__EXERCISE DETAILS__
Reproduce the entries exactly, but keep the pictures out of the copy.

__RAW DATA__
+ + + + +

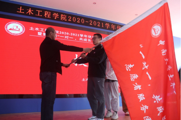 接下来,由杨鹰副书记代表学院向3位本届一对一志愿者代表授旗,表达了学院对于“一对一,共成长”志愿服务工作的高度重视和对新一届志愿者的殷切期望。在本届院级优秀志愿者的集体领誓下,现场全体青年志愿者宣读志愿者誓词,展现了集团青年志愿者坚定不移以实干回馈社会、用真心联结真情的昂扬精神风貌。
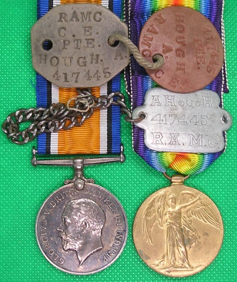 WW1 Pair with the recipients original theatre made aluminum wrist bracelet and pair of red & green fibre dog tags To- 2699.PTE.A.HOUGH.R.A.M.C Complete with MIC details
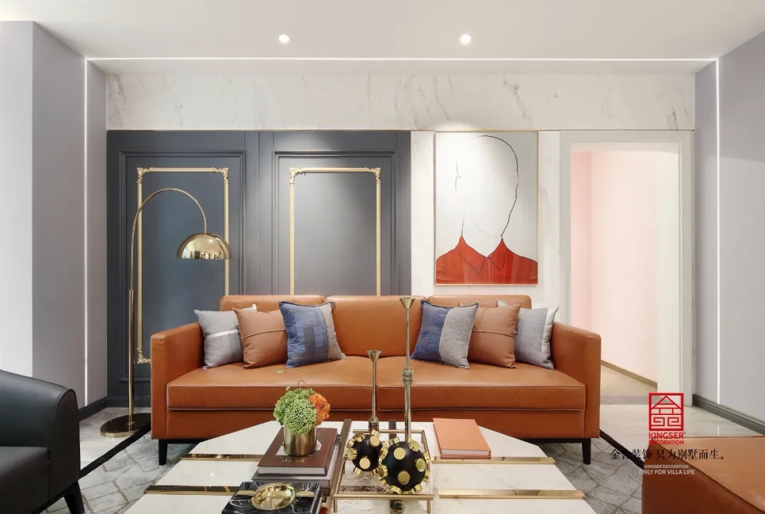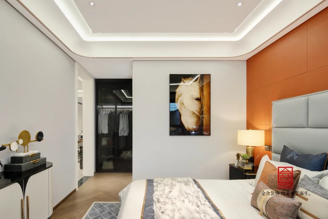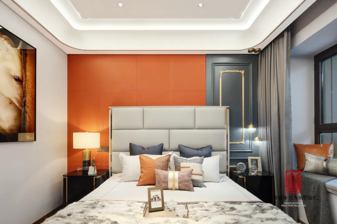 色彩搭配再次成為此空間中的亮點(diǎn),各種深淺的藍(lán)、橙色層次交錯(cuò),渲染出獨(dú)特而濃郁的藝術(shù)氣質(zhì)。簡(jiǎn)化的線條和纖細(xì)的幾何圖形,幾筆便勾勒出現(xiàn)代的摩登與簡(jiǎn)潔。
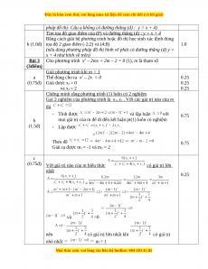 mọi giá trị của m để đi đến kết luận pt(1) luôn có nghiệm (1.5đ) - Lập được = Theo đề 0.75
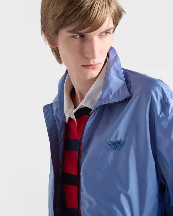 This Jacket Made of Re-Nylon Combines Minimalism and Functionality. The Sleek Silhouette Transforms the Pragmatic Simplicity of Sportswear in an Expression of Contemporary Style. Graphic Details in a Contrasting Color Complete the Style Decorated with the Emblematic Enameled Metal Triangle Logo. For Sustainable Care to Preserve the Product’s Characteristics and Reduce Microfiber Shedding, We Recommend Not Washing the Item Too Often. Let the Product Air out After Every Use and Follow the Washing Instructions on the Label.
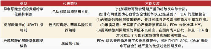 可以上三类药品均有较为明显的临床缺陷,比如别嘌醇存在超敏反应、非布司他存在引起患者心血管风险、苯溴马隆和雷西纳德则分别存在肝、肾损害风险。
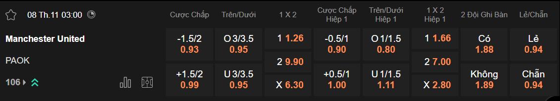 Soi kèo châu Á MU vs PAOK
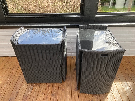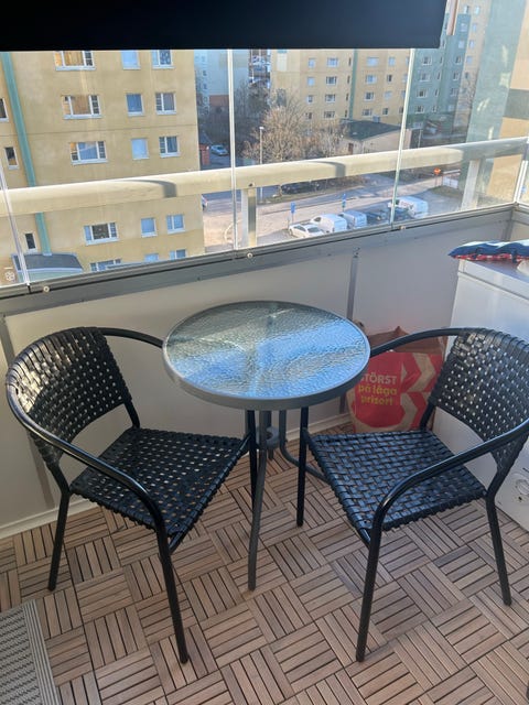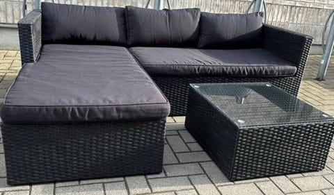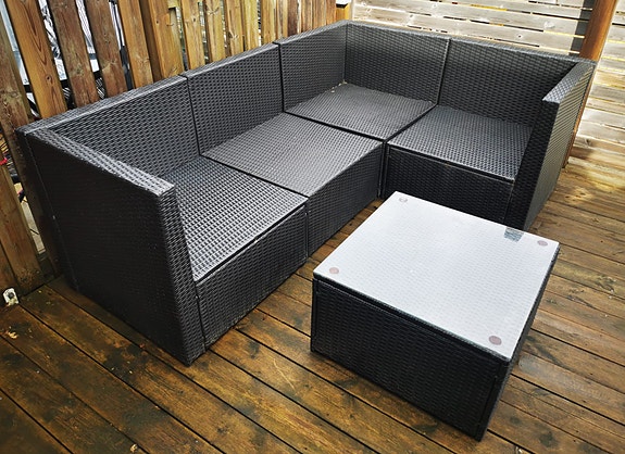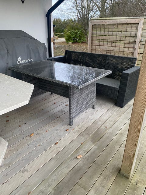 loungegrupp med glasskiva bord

+ + + + +

__SOLVED PROBLEM__
 接下来,由杨鹰副书记代表学院向3位本届一对一志愿者代表授旗,表达了学院对于“一对一,共成长”志愿服务工作的高度重视和对新一届志愿者的殷切期望。在本届院级优秀志愿者的集体领誓下,现场全体青年志愿者宣读志愿者誓词,展现了集团青年志愿者坚定不移以实干回馈社会、用真心联结真情的昂扬精神风貌。
 WW1 Pair with the recipients original theatre made aluminum wrist bracelet and pair of red & green fibre dog tags To- 2699.PTE.A.HOUGH.R.A.M.C Complete with MIC details
 色彩搭配再次成為此空間中的亮點(diǎn),各種深淺的藍(lán)、橙色層次交錯(cuò),渲染出獨(dú)特而濃郁的藝術(shù)氣質(zhì)。簡(jiǎn)化的線條和纖細(xì)的幾何圖形,幾筆便勾勒出現(xiàn)代的摩登與簡(jiǎn)潔。
 mọi giá trị của m để đi đến kết luận pt(1) luôn có nghiệm (1.5đ) - Lập được = Theo đề 0.75
 This Jacket Made of Re-Nylon Combines Minimalism and Functionality. The Sleek Silhouette Transforms the Pragmatic Simplicity of Sportswear in an Expression of Contemporary Style. Graphic Details in a Contrasting Color Complete the Style Decorated with the Emblematic Enameled Metal Triangle Logo. For Sustainable Care to Preserve the Product’s Characteristics and Reduce Microfiber Shedding, We Recommend Not Washing the Item Too Often. Let the Product Air out After Every Use and Follow the Washing Instructions on the Label.
 可以上三类药品均有较为明显的临床缺陷,比如别嘌醇存在超敏反应、非布司他存在引起患者心血管风险、苯溴马隆和雷西纳德则分别存在肝、肾损害风险。
 Soi kèo châu Á MU vs PAOK
 loungegrupp med glasskiva bord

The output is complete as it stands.